Warnings and Updates

A specific and well-studied area of disaster media is its use as a warning system and method of providing updated information. One such example in the United States is the Emergency Alert System (EAS), which uses several broadcast mediums to relay information in the event of an emergency. Generally, warnings take the structure of identifying potential hazards and ways to reduce those hazards. Warnings exist around several different disaster scenarios; for example, weather-related warnings are a common occurrence in most nations, whereas warnings for tornadoes, tsunamis, earthquakes, volcanic eruptions, and wildfires tend to be geographically specific.

Many types of disasters have a warning period. Some, such as many natural disasters, are more obvious and easier to comprehend. The warning period may vary from minutes to days, making media more relevant to the warning of some disasters over others. In some cases, such as tornadoes or hurricanes, the risk is seasonal and, hence, more predictable. In other instances, a crisis can surface without prior expectations, as in the case of earthquakes and terrorist attacks, making media less useful for a warning. Public response to warnings is primarily the result of the information that people have access to during the warning period, including pre-event public education. Therefore, access to media that provides needed warning information is essential to the success of such messages, which must be specific and targeted.

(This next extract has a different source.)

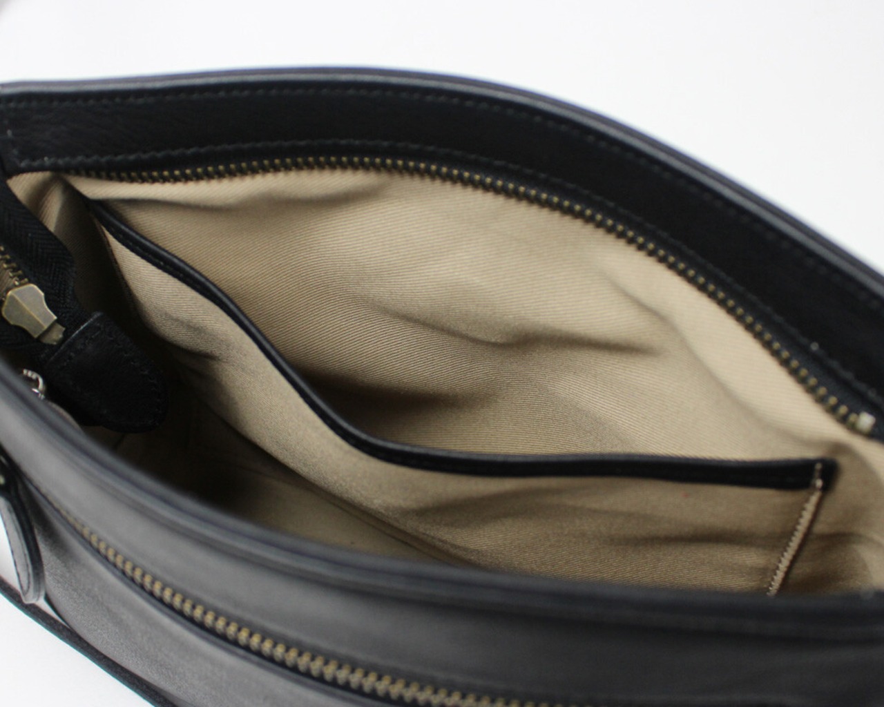 シュリンクレザーを使用した、ナチュラルな風合いのあるショルダーバッグ。

The Internet has proven an increasingly effective tool to disseminate media, often in real-time. ReliefWeb posts approximately 150 maps and documents daily from over 2,000 sources such as the United Nations, governments, nongovernmental organizations (NGOs), academia, and the media, which can be read through RSS feeds. The U.S. Geological Survey Recent Earthquake RSS feed is embedded as news items or within maps using background coordinate fields.

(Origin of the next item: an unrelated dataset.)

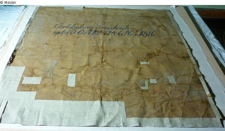 Fundmeldung | Einzelobjekt Herzog Karl Ludwig Friedrich von Mecklenburg-Strelitz Lost Art-ID521668 Vorherige Weiter Hersteller/Künstler:in Zeller, Anton Geburt 1760.02.23, Scherzingen (Baden) Tod (um) 1837 TitelHerzog Karl Ludwig Friedrich von Mecklenburg-StrelitzObjektartGemäldeObjektgruppeMalereiMaterial / TechnikÖl ; Leinwand / gemalt Höhe 118,00 cm Breite 102,00 cm InventarnummerG 1604Beschreibung verso: Bildträger „Carl Ludwig Friedrich. / geb. 10 Oct 1741 † 6 Nov 1816“ Weiterlesen Weniger anzeigen Provenienz „nach 1945“ Weiterlesen Weniger anzeigen Veröffentlicht seit26.09.2014 Kontakt Staatliche Schlösser, Gärten und Kunstsammlungen Mecklenburg-Vorpommern Staatliches Museum Schwerin Alter Garten 3 19055 Schwerin Deutschland Tel+49 (0) 385 588 47 222Fax+49 (0) 385 588 47 009E-Mailinfo@museum-schwerin.deHomepagehttp://www.museum-schwerin.de Ansprechpartner:in Dr. Pirko ZinnowPositionDirektorinE-Mailpirko.zinnow@ssgk-mv.de

Shortly after the 2010 Haiti earthquake, the online search engine Google established a service called People Finder, which operated as a freely accessible, multilingual, online database that could be used to search for and contribute information. While not officially verified, these records allowed relatives to get information when much of the traditional communication infrastructure had been destroyed. Various disaster relief organizations are quickly adopting these types of resources and applications, and many now disseminate information via services such as Twitter and create event-specific podcasts through services like iTunes.

Information Seeking and Comprehension

Another area media serves in disasters is information acquisition. Because disasters are unanticipated, often poorly prepared for, and accompanied by great risk, they usually cause a great deal of fear and uncertainty in the public. When uncertainty exists, which is a common feature of disasters, mediated information-seeking increases. Mass media is usually the dominant source that people turn to for information, possibly because mass media outlets are generally considered valuable and timely sources of information. Individuals use the media for information seeking during a disaster for several reasons, including to attempt to reduce uncertainty, obtain a sense of control, serve remedial processes, facilitate sensemaking, reduce psychological stress, obtain specific actions, and for learning.